On small filesystems, this check is merely an inconvenience. However, given larger filesystems, this check can take hours upon hours to complete. When your users depend on this filesystem for their productivity, say it is serving their home directories via NFS, would you disable the scheduled file system check?
I ask this question because it is currently 2:15am and I'm awaiting a very long fsck to complete (ext3)!
Solution 1:
The 180-day default fsck time is a workaround for the design flaw that ext3 does not support an online consistency check. The real solution is to find a filesystem that supports this. I don't know if any mature filesystem does. It's a real tragedy. Perhaps btrfs will save us one day.
I've responded to the issue of the surprise multi-hour downtime from fsck by doing scheduled reboots with a full fsck as part of standard maintenance.

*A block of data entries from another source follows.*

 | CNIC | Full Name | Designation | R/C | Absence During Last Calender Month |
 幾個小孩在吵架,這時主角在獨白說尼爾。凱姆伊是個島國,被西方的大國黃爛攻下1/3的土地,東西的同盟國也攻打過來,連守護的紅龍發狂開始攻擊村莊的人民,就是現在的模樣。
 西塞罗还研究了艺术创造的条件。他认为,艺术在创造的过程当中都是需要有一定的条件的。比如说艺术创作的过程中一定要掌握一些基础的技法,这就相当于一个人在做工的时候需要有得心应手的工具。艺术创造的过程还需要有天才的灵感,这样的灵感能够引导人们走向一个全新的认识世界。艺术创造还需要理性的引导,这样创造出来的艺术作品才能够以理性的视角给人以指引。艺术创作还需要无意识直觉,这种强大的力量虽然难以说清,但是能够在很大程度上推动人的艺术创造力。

This is better than running into minor corruption during production hours, and having it turn into a real outage.
A big part of the problem is that ext3 has an unreasonably slow fsck. Although xfs has a much faster fsck, it uses too much memory for distributions to encourage xfs by default on large filesystems. Still, on most systems this is a non-issue. Switching to xfs would at least allow for a reasonably fast fsck. This may make running fsck as part of normal maintenance easier to schedule.
If you're running RedHat and considering using xfs, you have to beware of how strongly they discourage the use of xfs and the fact that there are probably few people using xfs on the kernel you're running.

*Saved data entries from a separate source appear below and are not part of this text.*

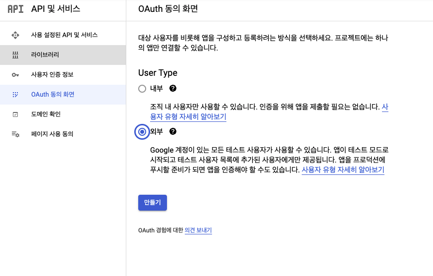 Google Cloud Platform 에서 프로젝트를 생성한후 사용자 인증정보를 설정해야 한다.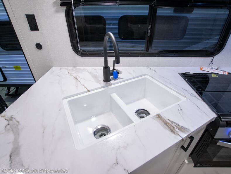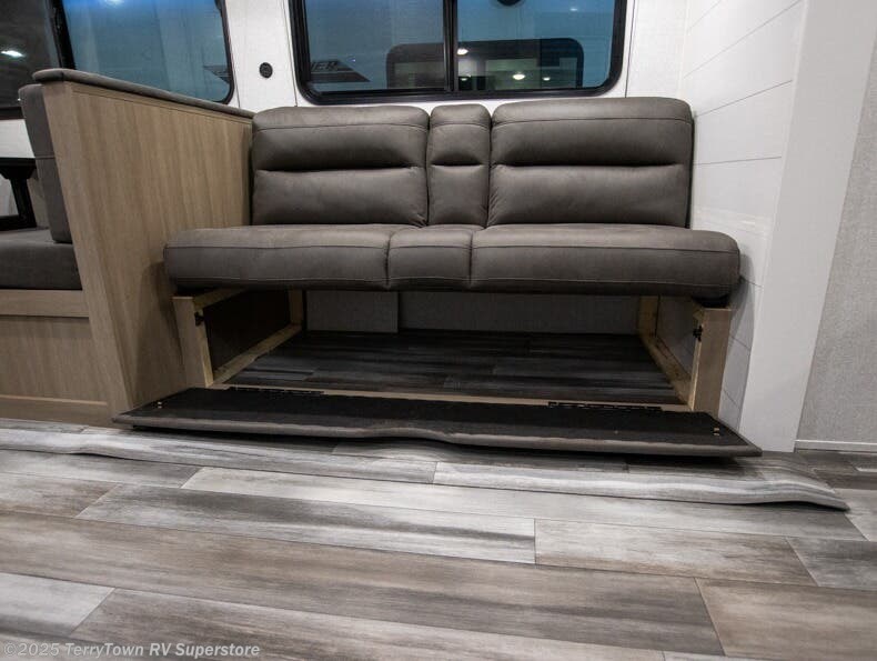 You can comfortably sleep up to ten people in this trailer thanks to the double-size bunks in back, the RV queen bed in the front bedroom, plus the booth dinette and jack-knife sofa in the main living area! The chef of your crew will have a three burner cooktop and microwave oven to prepare meals, and everyone can store their favorite drinks in the 8 cu. ft. 12V refrigerator inside, or in the outdoor refrigerator for convenience. The rear corner bathroom includes a tub/shower and a toilet, with the sink just outside of this room so others can brush their teeth if one is taking a shower before bed. The outside storage is accessible on both sides of the unit and will easily allow you bring along camp chairs, yard games and more. A 16' powered awning with LED lights will create a nice place to gather in the evenings with family and friends!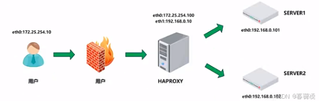 架构流程:用户通过防火墙进入网络内部,访问到HAPROXY,然后HAPROXY通过设定将流量发送到后端的Real Server 主机上、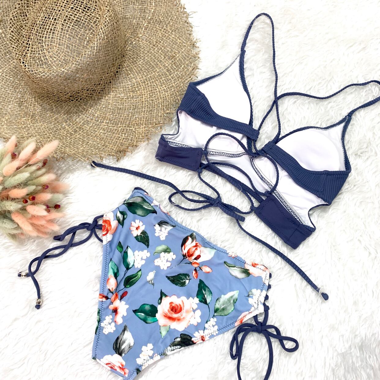トップス綺麗なセルリアンブルーにハイウエストパンツのビキニです。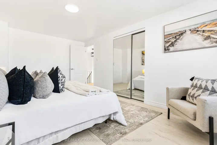 +"PublicRemarks": "Fully renovated large detached brick back split home featuring high-end finishes and strong attention to detail. The home offers a state-of-the-art eat-in kitchen with quartz countertops, stainless steel appliances, and under-cabinet lighting. The home includes a formal dining room, spacious living room, and a separate family room featuring a wood-burning fireplace. Waterproof flooring runs throughout the house. All popcorn ceilings have been removed and replaced with smooth skim-coated ceilings. All switches and outlets have been replaced. Modern light fixtures are installed throughout the home. A new Wi-Fi garage door adds convenience and security. The upper level offers three bedrooms and a three-piece washroom with a standing glass shower and modern vanity. The home is freshly painted throughout. The finished basement includes an additional bedroom and living space, ideal for guests or extended family. The exterior features a patio backyard with a freshly painted fence for a clean, modern look, concrete two-car parking, a landscaped front yard, and a spacious lot. Ideally located close to public transit, schools, and Hwy 407."

My understanding is that the ext4 project has a goal of at least somewhat improving the fsck performance.
Solution 2:
I would say that this is just another reason for which production servers should not run all alone and always have either a hot/cold backup or take part in a two node cluster. In these days of virtualization, you can easily have a physical main server and a virtual server, which is only a copy of the physical done every X days, ready to take over.
Other then this not so helpful answer, I would say that you should balance the importance of your data... If this is just a cluster node, skip it. If this is a client's non backuped web server, you may want to plan ahead next time :-)
Solution 3:
Depends.. For instance we had one server go down for routine maintenance that was running a QMail stack. QMail creates and kills a lot of files as time goes on, and it was a very busy mail server. The fsck took some 36 hours. It's not like we saved a helluva lot of performance out of the deal, but ultimately I suppose you could argue the filesystem was healthier. Was it really worth the chaos that ensued though? Not. At. All.